The main issue with your current approach is that it has already defined what each course requires as facts. This means that none of these facts can be contradicted without making the program unsatisfiable. What we need to solve the problem you have posed is a disjunction between the courses that have the same requirements. If we define our facts like the following:
% fulfills(course, requirement)
fulfills(cs_1,1).
fulfills(cs_2,2).
fulfills(cs_3,3) | fulfills(cs_4,3).
it becomes much easier to define a rule to get us the info we want. From this list of facts, we can see that we cs_1 fulfills requirement 1, cs_2 fulfills requirement 2, and either cs_3 or cs_4 fulfills requirement 3. This means that we cannot have both fulfills(cs_3,3) and fulfills(cs_4,3) in our answer set. Instead, we can have only one of these facts since if we had both our set would not be minimal.
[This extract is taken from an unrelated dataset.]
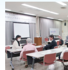
▲男女共同参画セミナーの様子

ら認識が浸透するよう図った。市内公共施設並びに駅前公衆トイレ等に「福生市女性等悩みごと相談カード」を設置するなど、気軽に相談できる専門電話、LINE相談などを紹介している。性的少数者に寛容な社会の実現に向け、引き続き知識の普及啓発及び支援の充実に努める。

Although we could write some rules to pare down the answer sets that this generates or define more relationships, the program is good as-is! It generates the following, which matches your desired results:
Answer: 1
fulfills(cs_1,1) fulfills(cs_2,2) fulfills(cs_3,3)
Answer: 2
fulfills(cs_1,1) fulfills(cs_2,2) fulfills(cs_4,3)
SATISFIABLE
Models : 2
Calls : 1
Time : 0.001s (Solving: 0.00s 1st Model: 0.00s Unsat: 0.00s)
CPU Time : 0.000s
We can then extend it to more courses and requirements:
fulfills(cs_1,1).
fulfills(cs_2,2) | fulfills(cs_3,2).
fulfills(cs_4,3) | fulfills(cs_5,3).
fulfills(cs_6,4) | fulfills(cs_7,4) | fulfills(cs_8,4).
fulfills(cs_9, 5).
which gives us a lot more possibilities:
Answer: 1
fulfills(cs_1,1) fulfills(cs_9,5) fulfills(cs_6,4) fulfills(cs_4,3) fulfills(cs_2,2)
Answer: 2
fulfills(cs_1,1) fulfills(cs_9,5) fulfills(cs_6,4) fulfills(cs_4,3) fulfills(cs_3,2)
Answer: 3
fulfills(cs_1,1) fulfills(cs_9,5) fulfills(cs_6,4) fulfills(cs_5,3) fulfills(cs_2,2)
Answer: 4
fulfills(cs_1,1) fulfills(cs_9,5) fulfills(cs_6,4) fulfills(cs_5,3) fulfills(cs_3,2)
Answer: 5
fulfills(cs_1,1) fulfills(cs_9,5) fulfills(cs_8,4) fulfills(cs_4,3) fulfills(cs_3,2)
Answer: 6
fulfills(cs_1,1) fulfills(cs_9,5) fulfills(cs_8,4) fulfills(cs_5,3) fulfills(cs_3,2)
Answer: 7
fulfills(cs_1,1) fulfills(cs_9,5) fulfills(cs_8,4) fulfills(cs_4,3) fulfills(cs_2,2)
Answer: 8
fulfills(cs_1,1) fulfills(cs_9,5) fulfills(cs_8,4) fulfills(cs_5,3) fulfills(cs_2,2)
Answer: 9
fulfills(cs_1,1) fulfills(cs_9,5) fulfills(cs_7,4) fulfills(cs_4,3) fulfills(cs_3,2)
Answer: 10
fulfills(cs_1,1) fulfills(cs_9,5) fulfills(cs_7,4) fulfills(cs_4,3) fulfills(cs_2,2)
Answer: 11
fulfills(cs_1,1) fulfills(cs_9,5) fulfills(cs_7,4) fulfills(cs_5,3) fulfills(cs_3,2)
Answer: 12
fulfills(cs_1,1) fulfills(cs_9,5) fulfills(cs_7,4) fulfills(cs_5,3) fulfills(cs_2,2)
SATISFIABLE
Models : 12
Calls : 1
Time : 0.002s (Solving: 0.00s 1st Model: 0.00s Unsat: 0.00s)
CPU Time : 0.000s
if we want, we could even drop the second argument to fulfills since we're not using it for anything yet. The following yields the same results as our first example:
course(cs_1).
course(cs_2).
course(cs_3) | course(cs_4).
Typically, we will start an answer set program by defining all of our possible facts and their disjunctions and then limiting them with rules. For this program we have a rather small starting set, but they can get quite large so complex rules can come in handy. However, for this problem we don't need any!
(Hey Dr. Ricks, this is Isaac from Game Programming/Image Processing! Stumbled upon your question, hopefully my answer is helpful!)